# Bank Churn Classifier (Neural Network)

Using a scikit-learn MLP to predict customer churn. This notebook includes:

1.  Data loading and preprocessing.
2.  Handling class imbalance by upsampling the minority class.
3.  Training an `MLPClassifier` with early stopping.
4.  Evaluating the model with accuracy and a confusion matrix.

In [12]:
import os
import numpy as np
import pandas as pd
from sklearn.model_selection import train_test_split
from sklearn.preprocessing import LabelEncoder, StandardScaler
from sklearn.neural_network import MLPClassifier
from sklearn.metrics import accuracy_score, confusion_matrix
from sklearn.utils import resample
import warnings

# We do not want to see warnings
warnings.filterwarnings("ignore")

In [13]:
RND = 42

## 1. Load and Pre-process Data

In [14]:
# 1. Read dataset
path = "7_bank_churn.csv"
df = pd.read_csv(path)

df.head()

Unnamed: 0,RowNumber,CustomerId,Surname,CreditScore,Geography,Gender,Age,Tenure,Balance,NumOfProducts,HasCrCard,IsActiveMember,EstimatedSalary,Exited
0,1,15634602,Hargrave,619,France,Female,42,2,0.0,1,1,1,101348.88,1
1,2,15647311,Hill,608,Spain,Female,41,1,83807.86,1,0,1,112542.58,0
2,3,15619304,Onio,502,France,Female,42,8,159660.8,3,1,0,113931.57,1
3,4,15701354,Boni,699,France,Female,39,1,0.0,2,0,0,93826.63,0
4,5,15737888,Mitchell,850,Spain,Female,43,2,125510.82,1,1,1,79084.1,0


In [15]:
# 2. Feature/target split and basic preprocessing
if 'Exited' not in df.columns:
    raise RuntimeError("Dataset must contain 'Exited' column (target).")

df = df.copy()
le = LabelEncoder()
df['Gender'] = le.fit_transform(df['Gender'])
df = pd.get_dummies(df, columns=['Geography'], drop_first=True)
df = df.drop(columns=[c for c in ['CustomerId', 'Surname', 'RowNumber'] if c in df.columns])

X = df.drop(columns=['Exited'])
y = df['Exited'].astype(int)

print("Feature columns:", X.columns.tolist())

Feature columns: ['CreditScore', 'Gender', 'Age', 'Tenure', 'Balance', 'NumOfProducts', 'HasCrCard', 'IsActiveMember', 'EstimatedSalary', 'Geography_Germany', 'Geography_Spain']

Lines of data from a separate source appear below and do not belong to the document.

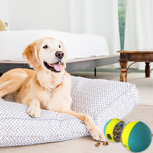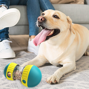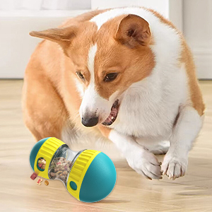 FOOD DISPENSER - The toy, an interactive dog toy for boredom and puppy puzzle, has differently sized spheres at both ends. As dogs push the toy, it moves within a fixed area, allowing dogs to continuously chase and play with it. During movement, food is dispensed from the food holes on both sides of the toy. Your furry friend gets smarter as they play with this dog treat puzzle, learning how to roll the ball to get dog treats to fall out. It's one of the best dog toys to keep them busy.
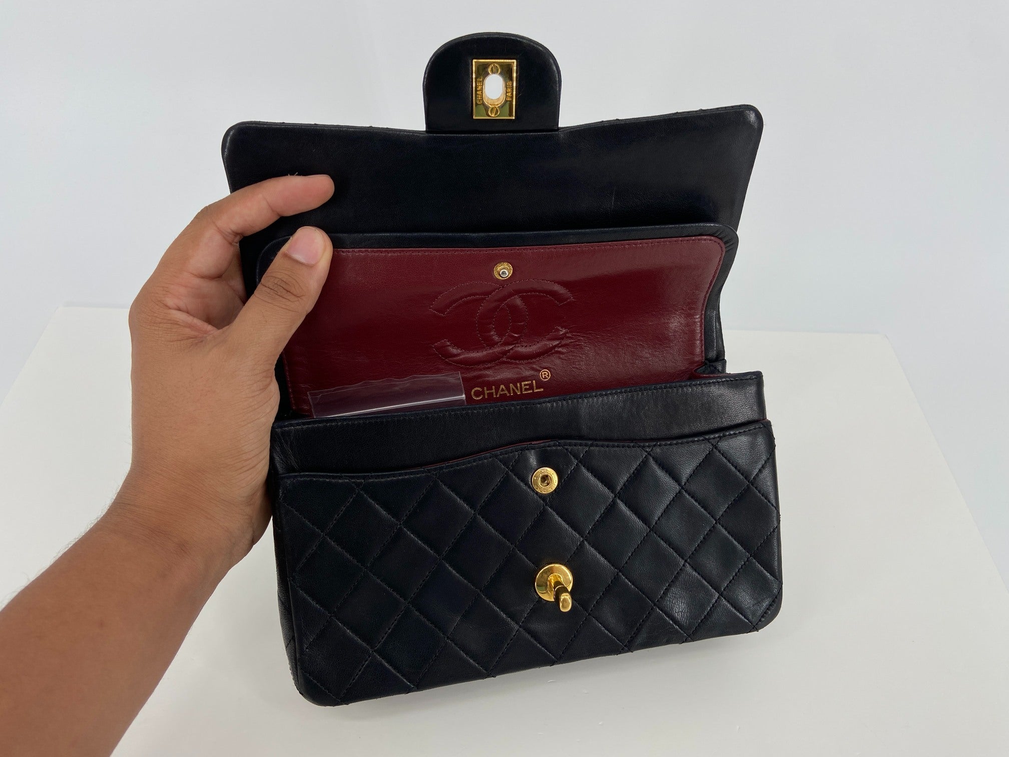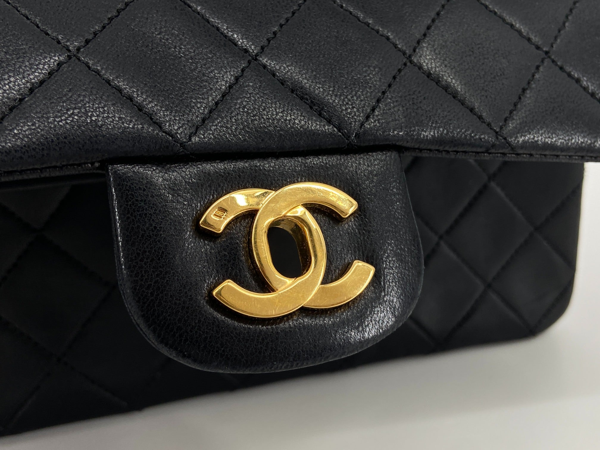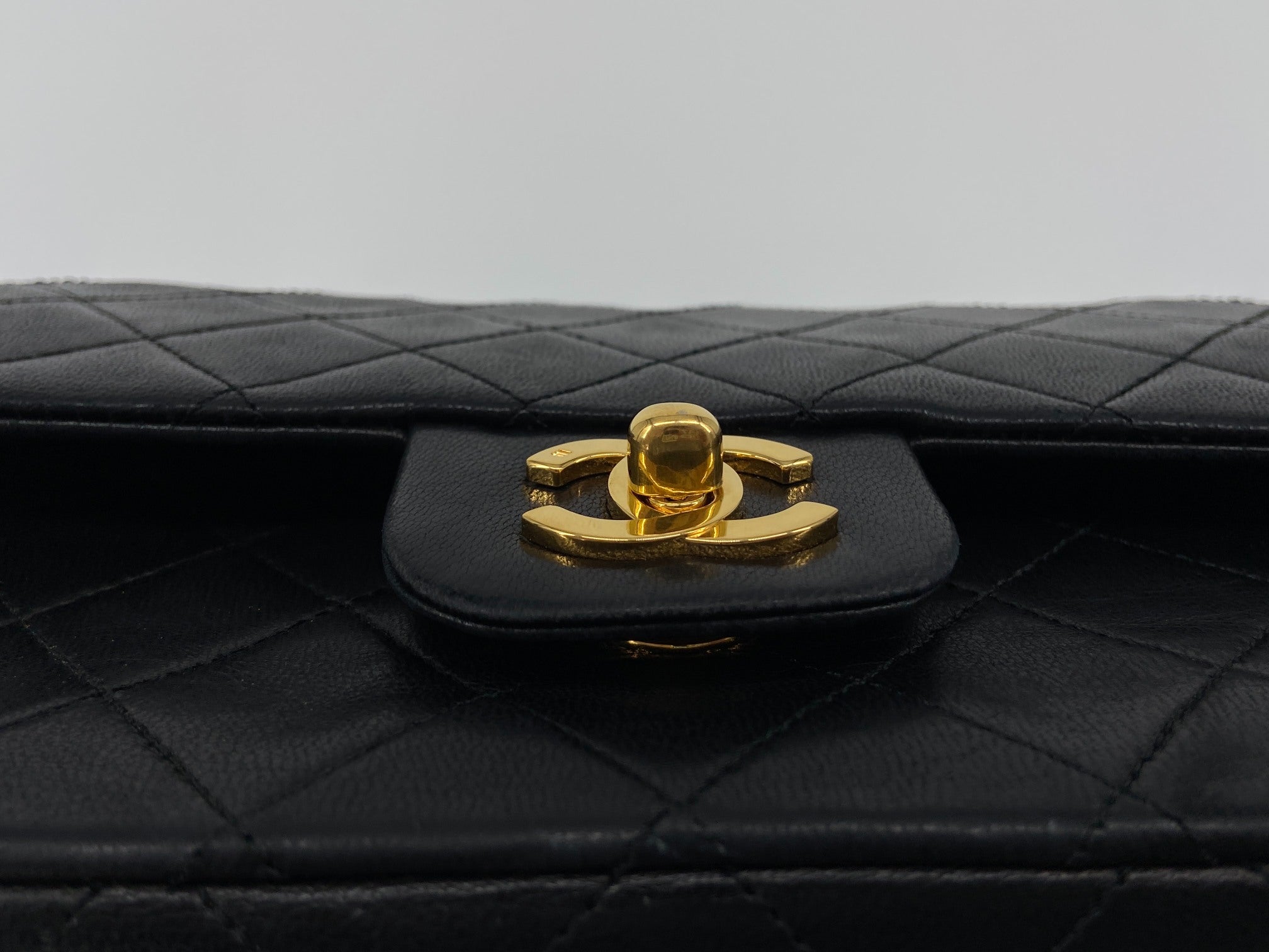 Invest in the Chanel Double Flap Bag in black lambskin leather and upgrade your accessory with a piece that is both functional and stylish.
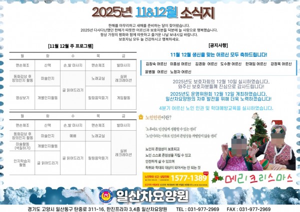2025년도 11월 12월 소식지 페이지 정보 작성자 최고관리자 댓글 댓글 0건 조회Hit 243회 작성일Date 25-12-19 15:26 본문 2025년도 11월 12월 소식지 목록 이전글2026년도 1월 생신잔치 초대장 25.12.19 다음글11월 생신잔치 초대장 25.11.03 댓글 0 댓글목록 등록된 댓글이 없습니다.
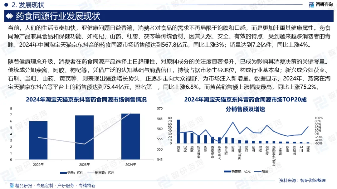 发展现状:当前,人们的生活节奏加快,亚健康问题日益普遍,消费者对食品的需求不再局限于饱腹和口感,而是更加注重其健康属性。药食同源产品兼具食品和保健功能,如枸杞、山药、红枣、茯苓等传统食材,因其天然、安全、有效的特点,受到越来越多消费者的青睐。2024年中国淘宝天猫京东抖音的药食同源市场销售额达到567.8亿元,同比上涨3%;销量达到7.2亿件,同比上涨4%。

## 2. Train-Test Split and Normalization

In [16]:
# Stratified train-test split
X_train, X_test, y_train, y_test = train_test_split(
    X, y, test_size=0.20, random_state=RND, stratify=y
)

print(f"X_train shape: {X_train.shape}")
print(f"X_test shape: {X_test.shape}")

X_train shape: (8000, 11)
X_test shape: (2000, 11)


In [17]:
# 3. Normalize train and test
scaler = StandardScaler()
X_train = scaler.fit_transform(X_train)
X_test = scaler.transform(X_test)

## 3. Handle Class Imbalance (Upsampling)

In [18]:
# 4. Identify improvement: class imbalance handling -> upsample minority class in training set
# Combine X_train and y_train to perform resampling
train_df = pd.DataFrame(X_train, columns=X.columns)
train_df['Exited'] = y_train.values

majority = train_df[train_df['Exited'] == 0]
minority = train_df[train_df['Exited'] == 1]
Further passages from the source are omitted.